A not so restful night on one of the last cars of our jerky train may have been a contributing factor to the jumble of thoughts now occupying my mind.
We booked online…
We paid online…
We are totally being screwed over.
The attempted phone calls continue for a time, as do my doubts, until finally, she gets through. Our supposed ride is where we are, but cannot find us, we are informed.
The ball of yarn continues to unravel, as we endure painful minutes of more miscommunication. To the extent that this “tour company”, ( I was still suspicious of its legitimacy) had contacted the number we left upon booking the tour.
(My friend’s folks’ home number. Thousands of miles away. In a whole other time zone. Oh dear.)
Finally,  a man approaches us – perhaps in his late 30s – and in his very limited English, manages to communicate to us that he is with the tour group.
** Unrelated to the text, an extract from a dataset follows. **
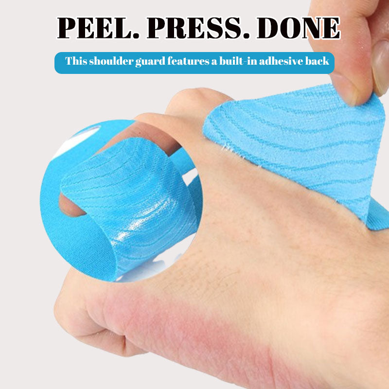 Denna axelskydd har en inbyggd sjĂ€lvhĂ€ftande baksida â bara att dra av och trycka fast.

And we follow him out of the train station…
Flag Two.
…Across the center, a short way down the street. And there is a plain white van parked at the side. No writing. Tinted windows. We climb inside, then quickly depart.Flag ThreeFourFiveSixSevenEightNineTen…
Despite my earlier suspicions, it had not occurred to me NOT to get inside that van.
Have Hollywood movies not taught us anything???
Perhaps it was then, I realized what real anxiety was. My gut knotted over and over again, and I was nauseous at the idea that we may have walked all too casually into our death beds. We followed so blindly. I don’t even remember where in the van we sat, just that, upon entering it, my mind didn’t cease in its repetitive prayer.
God, please let us be okay. Please don’t let us die. Please keep us safe. Keep us from harm. Please get us to the tour safely. Please protect us God.
I stared out the window, wondering if we had just done the stupidest thing in our lives, with entering this unmarked, travelling trap. I nearly pleaded with God for my life. And while doing so, did not utter a word to my friend.
Though our driver did not appear threatening, I knew that looks could be deceiving. Who knows where he could be taking us?  I didn’t have time to theorize about such things however, what with pleading for my life, and all.
And then the van stopped. My curiosity peaked.
The driver leaves briefly, then returns with two more people; an Irish man and his teen son.
And for some reason, it was then a wave of relief flooded over me.
At least we were no longer alone.
And, it turned out the tour company wasn’t a fraud.
And, as you may have suspected, we made it both to and from our tour destination A-Okay.
My fear revealed where my hope and trust lie, should times become desperate. It’s not always easy to trust him whose face we don’t see. I try to turn to God when I hurt, when I’ve had a bad day, a bad dream, etc.
It’s easier to cling to something when we are desperate.
However, I’m guilty of not thanking God enough on the days that are good. The days that are blessed. For life in general
I should be praying – talking – to him diligently everyday.